Athletes were traditionally portrayed naked, but many modern scholars believe that was an artistic convention , and Greek athletes may actually have stripped only for boxing and wrestling while remaining clothed for other events.

Greece: democracy’s birthplace

RISE AND FALL OF ALEXANDER’S EMPIRE

Alexander

Alexander

Alexander the Great created the greatest empire the world had yet seen -and also the shortest-lived. He became king of Macedonia in 336 B.C. at the age of 20 and then subdued the Greek states. Two years later, in 334 he led a large army to conquer Persia. During the next 11 years Alexander conquered an area nearly as large as the United States. His empire extended from Greece and Egypt in the west to beyond the Indus River in the east. When his weary army refused to march farther eastward into India, Alexander retired to Babylon. He died there of a  fever in 323 B.C, at 33. The empire he had  built in13 years was broken up as quickly as it had been formed. Within13 years of his death, the countries Alexander had united were divided again, their territories carved up between his generals.

CONSULTING THE ORACLE

Delphi was the site of Greece’s  most important oracle, where the advice of the gods was sought. The answer was given by a Pythia, a priestess who went into a trance and shouted wildly. Her cries were “interpreted” by priests, who gave the answers, often very ambiguous, in doggerel verse.

It is said that Croesus, the king of Lydia, in Asia Minor, whose name has become a symbol of wealth,asked the oracle if he should attack the Persian Empire.
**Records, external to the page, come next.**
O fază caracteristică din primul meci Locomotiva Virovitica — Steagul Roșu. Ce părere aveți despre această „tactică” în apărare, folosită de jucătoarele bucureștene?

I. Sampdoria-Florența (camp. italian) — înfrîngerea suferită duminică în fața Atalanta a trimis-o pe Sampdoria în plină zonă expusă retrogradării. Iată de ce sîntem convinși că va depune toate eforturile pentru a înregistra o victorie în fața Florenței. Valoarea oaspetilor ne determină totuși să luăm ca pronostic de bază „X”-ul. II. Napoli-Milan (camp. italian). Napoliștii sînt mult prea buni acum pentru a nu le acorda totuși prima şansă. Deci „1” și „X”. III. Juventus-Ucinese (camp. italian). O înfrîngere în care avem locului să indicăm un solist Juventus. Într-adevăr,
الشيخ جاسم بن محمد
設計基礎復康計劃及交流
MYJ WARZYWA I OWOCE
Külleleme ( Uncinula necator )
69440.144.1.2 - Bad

He was  told  that if he did  he would destroy a great empire. Croesus duly attacked in 546 B.C. and did indeed destroy an  empire: his own. Cyrus the Great defeated his army, annexed his kingdom, and took Croesus hostage.

ANCIENT AND MODERN

The 220 sacred wooden buildings at Japan’s ancient Shinto shrine at Ise have been pulled down and replaced by identical buildings every 20 years since they were first put up in the 5th century A.D. Only unpainted cypress wood is used, and no nails- just dowels and joints. It is thought that the buildings are rebuilt every two decades to symbolize the coming of a new generations. The last rebuilding was in 1973.

DEATH BEFORE DISHONOR

Hara-kiri, or ritual suicide, was a custom of the feudal samurai warriors – and later, of officers in Japan’s imperial army- to avoid dishonour or capture by an enemy. Sometimes hara-kiri was committed to show loyalty to a dead or disgraced lord.
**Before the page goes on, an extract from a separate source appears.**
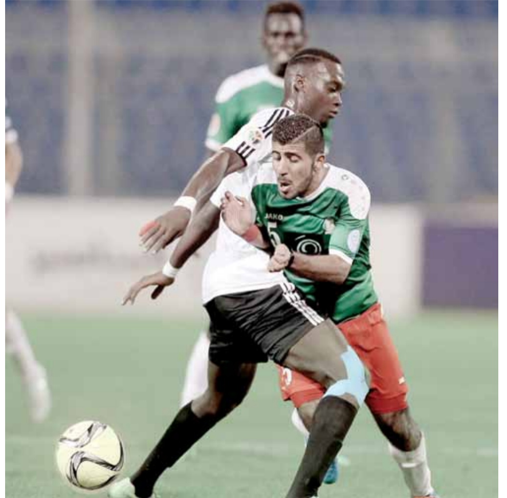
جانب من لقاء سابق بين الوحدات وشباب الأردن - (ارشيفية)

The term hara-kiri means, literally, “belly-cutting.” The victim first cut open his own stomach with a short sword or dagger and disemboweled himself. Then he was beheaded by a companion. The ceremony, known formally in Japan as seppuku, is still occasionally used as an extreme form of protest. The Japanese novelist and playwright Yukio Mishima committed hara-kiri in 1970 in protest against what he saw as the weakness of Japan as a nation.